## ASSIGNMENT
What you output must be the exact lines from the first line of the data through the one holding "2018年11月7日18:3", with no pictures.

## PROVIDED MATERIAL
###
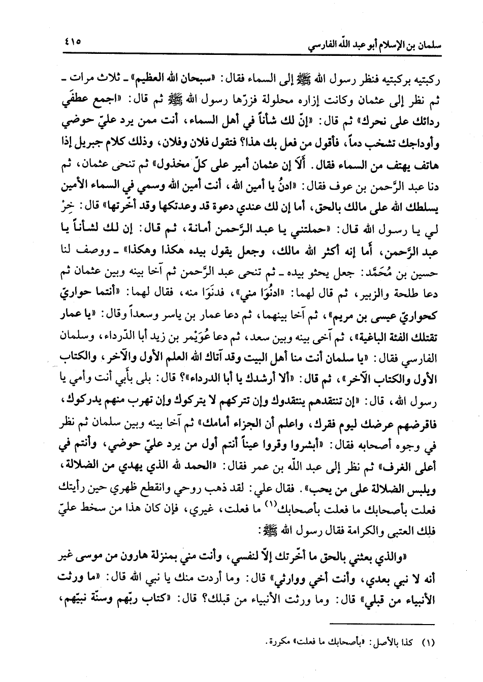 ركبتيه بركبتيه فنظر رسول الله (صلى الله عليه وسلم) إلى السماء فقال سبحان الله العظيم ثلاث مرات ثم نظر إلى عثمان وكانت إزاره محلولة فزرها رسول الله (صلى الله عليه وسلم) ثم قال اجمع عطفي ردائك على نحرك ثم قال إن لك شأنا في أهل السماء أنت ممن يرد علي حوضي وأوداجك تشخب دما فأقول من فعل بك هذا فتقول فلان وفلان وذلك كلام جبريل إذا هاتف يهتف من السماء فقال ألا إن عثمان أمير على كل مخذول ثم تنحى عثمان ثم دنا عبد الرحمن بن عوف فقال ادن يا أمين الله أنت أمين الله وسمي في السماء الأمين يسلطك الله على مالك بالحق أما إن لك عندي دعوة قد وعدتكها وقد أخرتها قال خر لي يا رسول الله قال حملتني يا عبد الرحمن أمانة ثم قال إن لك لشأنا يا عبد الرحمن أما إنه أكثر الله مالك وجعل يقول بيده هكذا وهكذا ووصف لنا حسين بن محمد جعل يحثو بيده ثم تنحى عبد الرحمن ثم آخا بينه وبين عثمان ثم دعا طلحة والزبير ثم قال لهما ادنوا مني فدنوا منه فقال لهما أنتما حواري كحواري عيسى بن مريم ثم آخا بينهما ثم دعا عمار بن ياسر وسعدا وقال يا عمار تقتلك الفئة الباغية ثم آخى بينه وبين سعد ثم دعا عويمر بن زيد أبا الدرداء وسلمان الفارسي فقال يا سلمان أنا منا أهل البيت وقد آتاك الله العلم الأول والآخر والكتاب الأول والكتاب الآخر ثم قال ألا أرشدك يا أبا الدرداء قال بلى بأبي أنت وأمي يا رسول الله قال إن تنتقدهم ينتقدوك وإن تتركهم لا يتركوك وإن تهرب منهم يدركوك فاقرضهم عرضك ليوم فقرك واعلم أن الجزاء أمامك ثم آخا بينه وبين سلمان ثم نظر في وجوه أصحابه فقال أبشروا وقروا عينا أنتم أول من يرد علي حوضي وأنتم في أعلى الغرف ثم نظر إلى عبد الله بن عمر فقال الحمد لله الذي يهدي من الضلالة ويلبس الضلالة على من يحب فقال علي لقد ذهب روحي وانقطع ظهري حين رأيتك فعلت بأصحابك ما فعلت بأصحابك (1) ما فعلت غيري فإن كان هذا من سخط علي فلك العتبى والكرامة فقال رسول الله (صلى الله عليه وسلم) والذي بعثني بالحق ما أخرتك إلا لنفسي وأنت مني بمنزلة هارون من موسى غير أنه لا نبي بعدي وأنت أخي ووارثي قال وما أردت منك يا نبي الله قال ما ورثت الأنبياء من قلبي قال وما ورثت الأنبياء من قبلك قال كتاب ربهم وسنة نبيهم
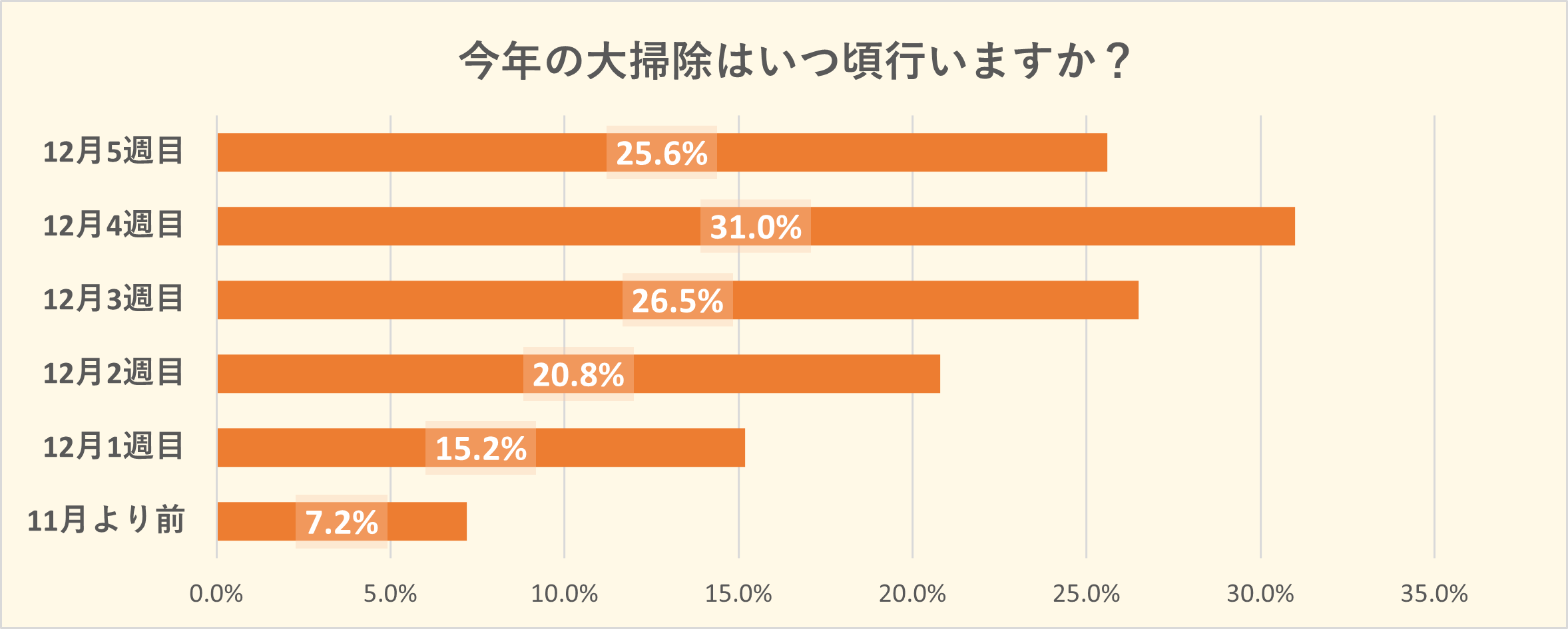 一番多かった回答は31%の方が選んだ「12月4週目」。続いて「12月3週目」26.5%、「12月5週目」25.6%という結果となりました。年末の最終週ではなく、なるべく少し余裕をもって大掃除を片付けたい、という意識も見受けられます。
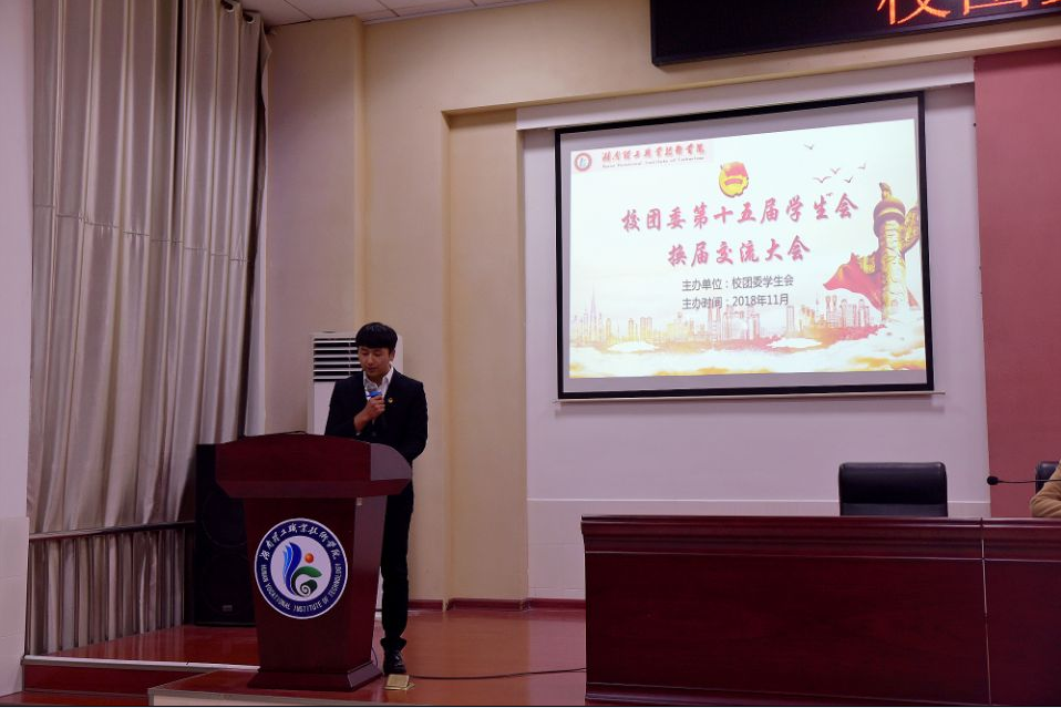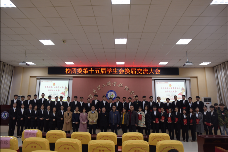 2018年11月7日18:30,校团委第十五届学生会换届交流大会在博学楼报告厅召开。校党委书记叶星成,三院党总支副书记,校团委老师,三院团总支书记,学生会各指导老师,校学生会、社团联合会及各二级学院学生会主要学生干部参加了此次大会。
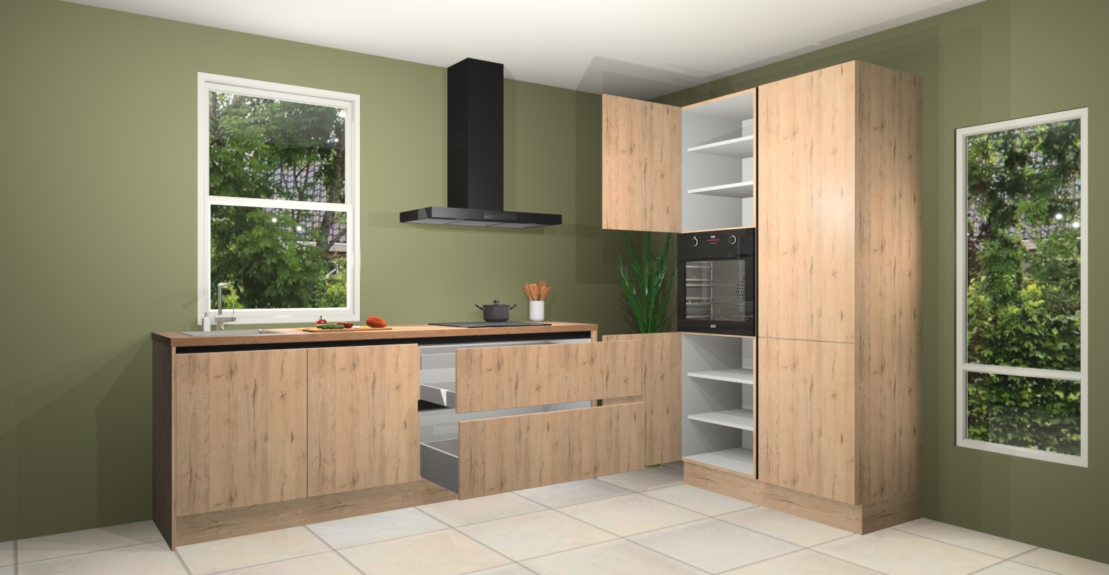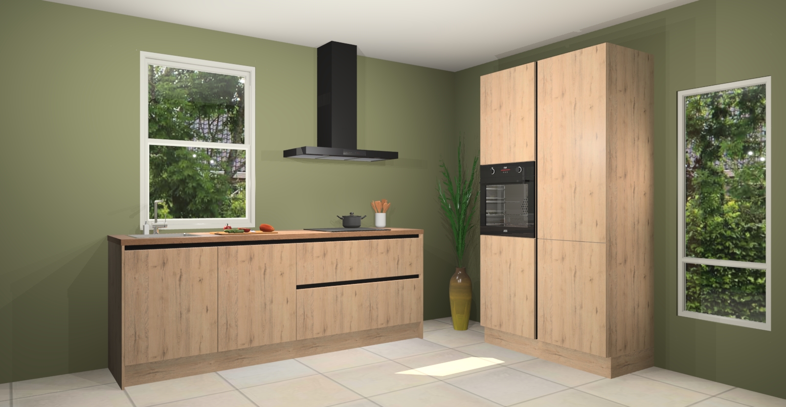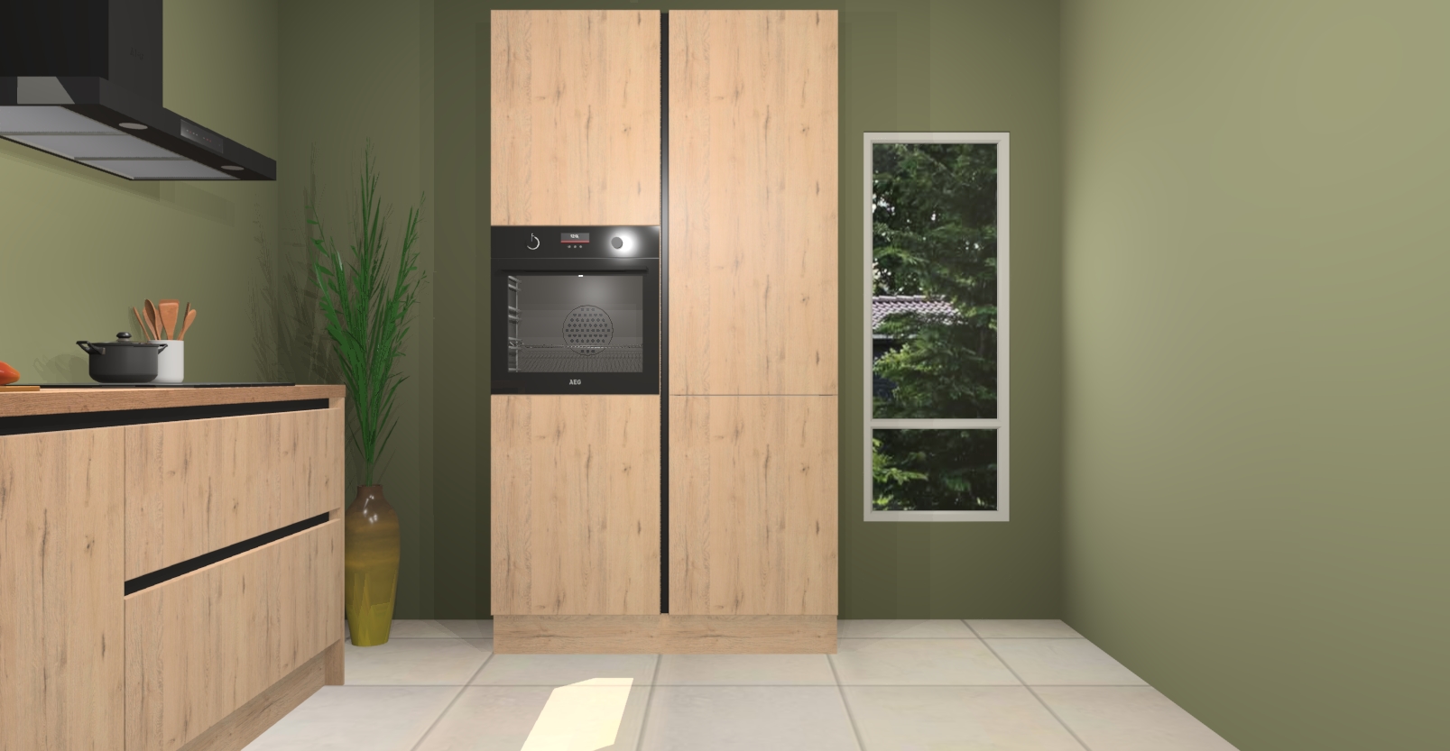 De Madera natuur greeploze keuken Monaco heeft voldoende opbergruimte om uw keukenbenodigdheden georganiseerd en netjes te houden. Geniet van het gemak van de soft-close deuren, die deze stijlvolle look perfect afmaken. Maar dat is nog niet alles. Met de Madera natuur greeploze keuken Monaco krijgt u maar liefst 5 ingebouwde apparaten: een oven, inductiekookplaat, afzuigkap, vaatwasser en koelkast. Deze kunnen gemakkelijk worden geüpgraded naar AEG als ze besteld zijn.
###
## TASK RESULT
 ركبتيه بركبتيه فنظر رسول الله (صلى الله عليه وسلم) إلى السماء فقال سبحان الله العظيم ثلاث مرات ثم نظر إلى عثمان وكانت إزاره محلولة فزرها رسول الله (صلى الله عليه وسلم) ثم قال اجمع عطفي ردائك على نحرك ثم قال إن لك شأنا في أهل السماء أنت ممن يرد علي حوضي وأوداجك تشخب دما فأقول من فعل بك هذا فتقول فلان وفلان وذلك كلام جبريل إذا هاتف يهتف من السماء فقال ألا إن عثمان أمير على كل مخذول ثم تنحى عثمان ثم دنا عبد الرحمن بن عوف فقال ادن يا أمين الله أنت أمين الله وسمي في السماء الأمين يسلطك الله على مالك بالحق أما إن لك عندي دعوة قد وعدتكها وقد أخرتها قال خر لي يا رسول الله قال حملتني يا عبد الرحمن أمانة ثم قال إن لك لشأنا يا عبد الرحمن أما إنه أكثر الله مالك وجعل يقول بيده هكذا وهكذا ووصف لنا حسين بن محمد جعل يحثو بيده ثم تنحى عبد الرحمن ثم آخا بينه وبين عثمان ثم دعا طلحة والزبير ثم قال لهما ادنوا مني فدنوا منه فقال لهما أنتما حواري كحواري عيسى بن مريم ثم آخا بينهما ثم دعا عمار بن ياسر وسعدا وقال يا عمار تقتلك الفئة الباغية ثم آخى بينه وبين سعد ثم دعا عويمر بن زيد أبا الدرداء وسلمان الفارسي فقال يا سلمان أنا منا أهل البيت وقد آتاك الله العلم الأول والآخر والكتاب الأول والكتاب الآخر ثم قال ألا أرشدك يا أبا الدرداء قال بلى بأبي أنت وأمي يا رسول الله قال إن تنتقدهم ينتقدوك وإن تتركهم لا يتركوك وإن تهرب منهم يدركوك فاقرضهم عرضك ليوم فقرك واعلم أن الجزاء أمامك ثم آخا بينه وبين سلمان ثم نظر في وجوه أصحابه فقال أبشروا وقروا عينا أنتم أول من يرد علي حوضي وأنتم في أعلى الغرف ثم نظر إلى عبد الله بن عمر فقال الحمد لله الذي يهدي من الضلالة ويلبس الضلالة على من يحب فقال علي لقد ذهب روحي وانقطع ظهري حين رأيتك فعلت بأصحابك ما فعلت بأصحابك (1) ما فعلت غيري فإن كان هذا من سخط علي فلك العتبى والكرامة فقال رسول الله (صلى الله عليه وسلم) والذي بعثني بالحق ما أخرتك إلا لنفسي وأنت مني بمنزلة هارون من موسى غير أنه لا نبي بعدي وأنت أخي ووارثي قال وما أردت منك يا نبي الله قال ما ورثت الأنبياء من قلبي قال وما ورثت الأنبياء من قبلك قال كتاب ربهم وسنة نبيهم
 一番多かった回答は31%の方が選んだ「12月4週目」。続いて「12月3週目」26.5%、「12月5週目」25.6%という結果となりました。年末の最終週ではなく、なるべく少し余裕をもって大掃除を片付けたい、という意識も見受けられます。
 2018年11月7日18:30,校团委第十五届学生会换届交流大会在博学楼报告厅召开。校党委书记叶星成,三院党总支副书记,校团委老师,三院团总支书记,学生会各指导老师,校学生会、社团联合会及各二级学院学生会主要学生干部参加了此次大会。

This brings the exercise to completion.